Horizontal Scaling vs Vertical Scaling
There are two main ways to scale our database…
- Horizontal Scaling (scale-out): It’s performed by adding more database nodes creating or increasing a database cluster.
- Vertical Scaling (scale-up): It’s performed by adding more hardware resources (CPU, Memory, Disk) to an existing database node.
For Horizontal Scaling, we can add more database nodes as slave nodes. It can help us to improve the read performance balancing the traffic between the nodes. In this case, we’ll need to add a load balancer to distribute traffic to the correct node depending on the policy and the node state.
To avoid a single point of failure adding only one load balancer, we should consider adding two or more load balancer nodes and using some tool like “Keepalived”, to ensure the availability.
As PostgreSQL doesn’t have native multi-master support, if we want to implement it to improve the write performance we’ll need to use an external tool for this task.
For Vertical Scaling, it could be needed to change some configuration parameter to allow PostgreSQL to use a new or better hardware resource. Let’s see some of these parameters from the PostgreSQL documentation.
- work_mem: Specifies the amount of memory to be used by internal sort operations and hash tables before writing to temporary disk files. Several running sessions could be doing such operations concurrently, so the total memory used could be many times the value of work_mem.

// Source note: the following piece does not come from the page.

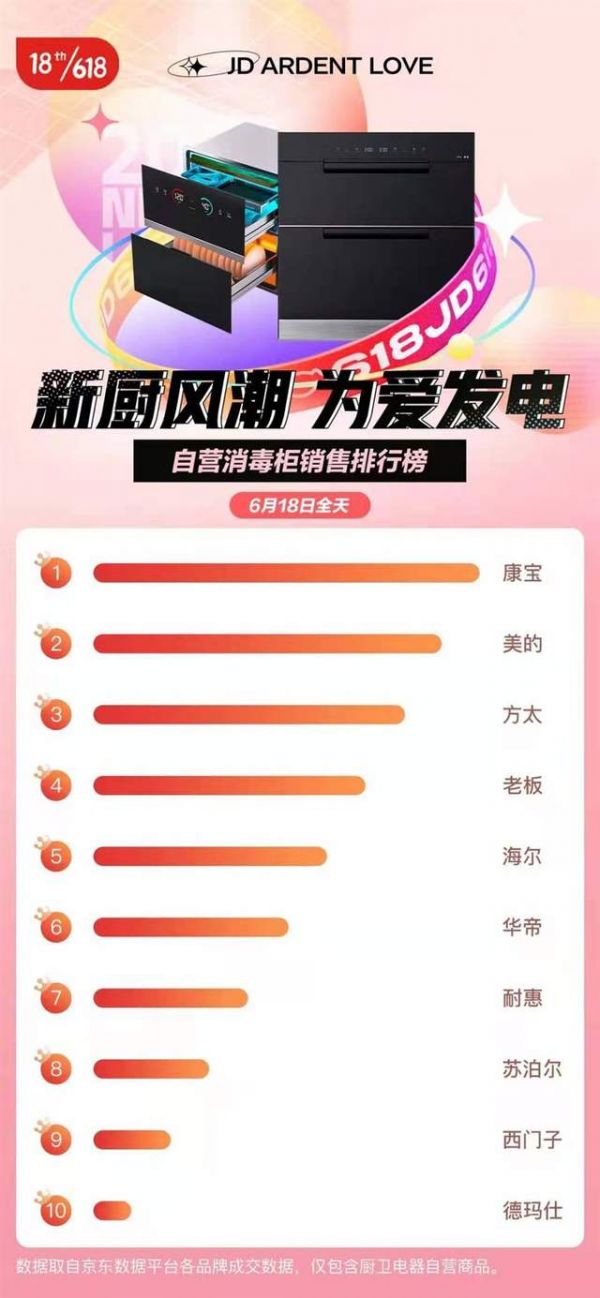 618战报:康宝消毒柜蝉联行业第一,耐惠消毒柜行业第七!

- maintenance_work_mem: Specifies the maximum amount of memory to be used by maintenance operations, such as VACUUM, CREATE INDEX, and ALTER TABLE ADD FOREIGN KEY. Larger settings might improve performance for vacuuming and for restoring database dumps.

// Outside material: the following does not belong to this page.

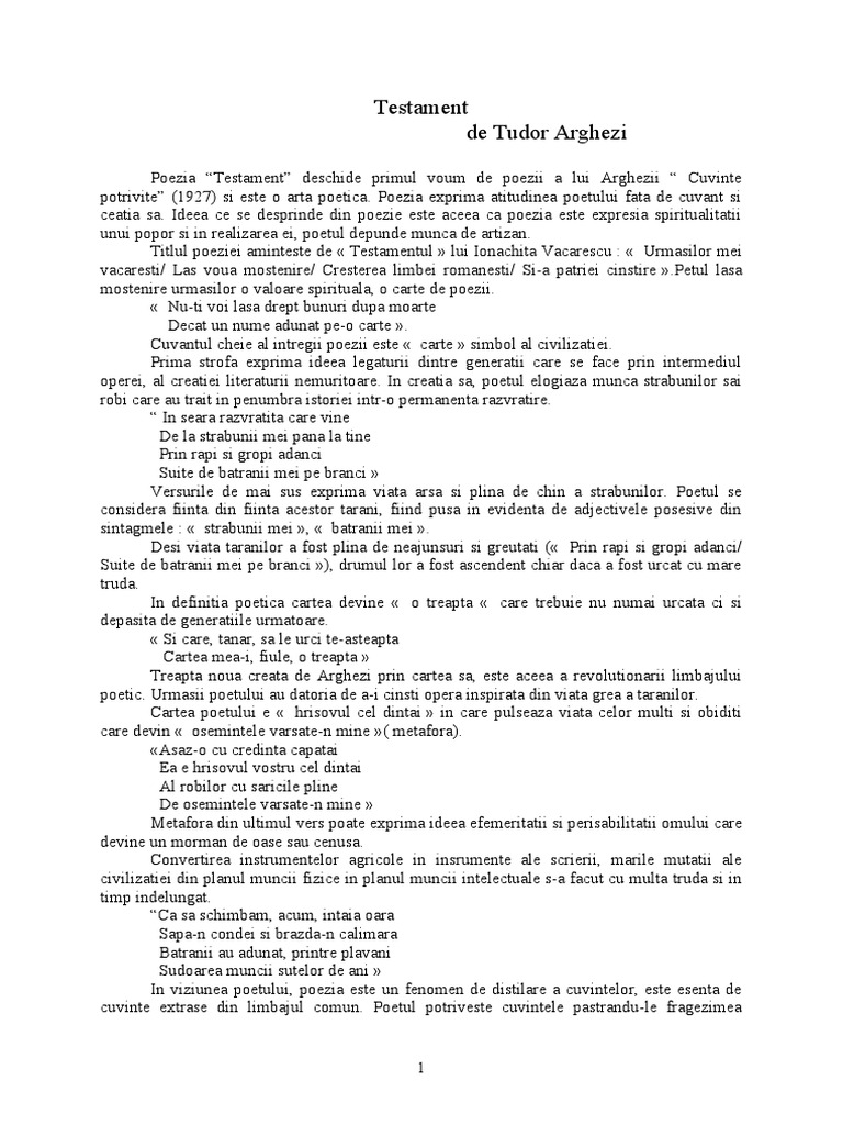 Poezia “Testament” deschide primul voum de poezii a lui Arghezii “ Cuvinte

- autovacuum_work_mem: Specifies the maximum amount of memory to be used by each autovacuum worker process.
- autovacuum_max_workers: Specifies the maximum number of autovacuum processes that may be running at any one time.
- max_worker_processes: Sets the maximum number of background processes that the system can support. Specify the limit of the process like vacuuming, checkpoints, and more maintenance jobs.
- max_parallel_workers: Sets the maximum number of workers that the system can support for parallel operations. Parallel workers are taken from the pool of worker processes established by the previous parameter.
- max_parallel_maintenance_workers: Sets the maximum number of parallel workers that can be started by a single utility command. Currently, the only parallel utility command that supports the use of parallel workers is CREATE INDEX, and only when building a B-tree index.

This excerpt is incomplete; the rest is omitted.